"Wes, 21, an Eagle Scout and college student from Michigan, played video games 80 hours a week, only stopping to eat every two to three days. He lost 25 pounds and failed his classes" (Irvine, 2018).
The World Health Organization (WHO) recently announced the addition of “gaming disorder” to the next edition of the International Classification of Diseases.
Gaming disorder is defined in the 11th Revision of the International Classification of Diseases (ICD-11) as a pattern of gaming behavior (“digital-gaming” or “video-gaming”) characterized by impaired control over gaming, increasing priority given to gaming over other activities to the extent that gaming takes precedence over other interests and daily activities, and continuation or escalation of gaming despite the occurrence of negative consequences (World Health Organization, 2018).
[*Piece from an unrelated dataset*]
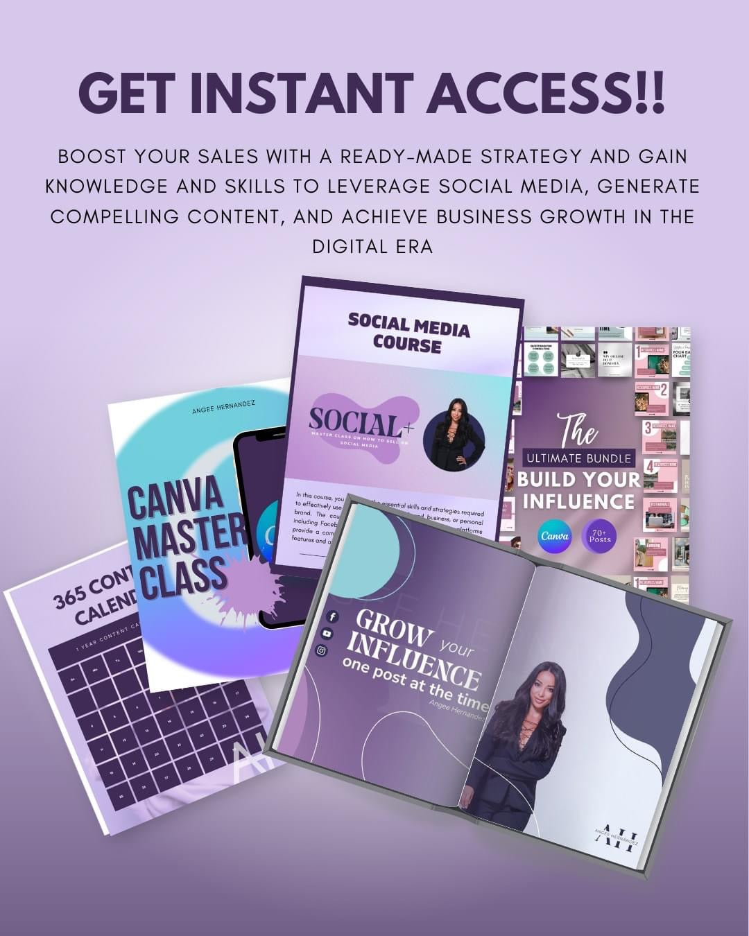 Content Creation Essentials: Never run out of content ideas again! Gain access to a 365-day content calendar filled with inspiration for your posts, stories, and blogs. Elevate your content game with professional templates and graphics designed to captivate your audience.

For your reference, internet gaming disorder appeared in DSM-V in the section identifying areas in need of research. While it’s called internet gaming disorder, the internet part is not required. As it’s currently written, a person would need five of these symptoms to be diagnosed:
- Preoccupation with gaming
- Withdrawal symptoms when gaming is taken away or not possible (sadness, anxiety, irritability)
- Tolerance, the need to spend more time gaming to satisfy the urge
- Inability to reduce playing, unsuccessful attempts to quit gaming
- Giving up other activities, loss of interest in previously enjoyed activities due to gaming
- Continuing to game despite problems
- Deceiving family members or others about the amount of time spent on gaming
- The use of gaming to relieve negative moods, such as guilt or hopelessness
- Risk, having jeopardized or lost a job or relationship due to gaming (“Internet gaming,” 2018)
The symptoms, as it true for (almost?) all DSM-V diagnoses, must cause “significant impairment or distress” (“Internet gaming,” 2018).
Following WHO’s announcement, 25 researchers co-authored a short and freely-available paper published in the Journal of Behavioral Addictions (Aarseth et al., 2017) outlining their concerns with the inclusion of gaming disorder in ICD-11. Their six concerns are:
- “The quality of the research base is low.”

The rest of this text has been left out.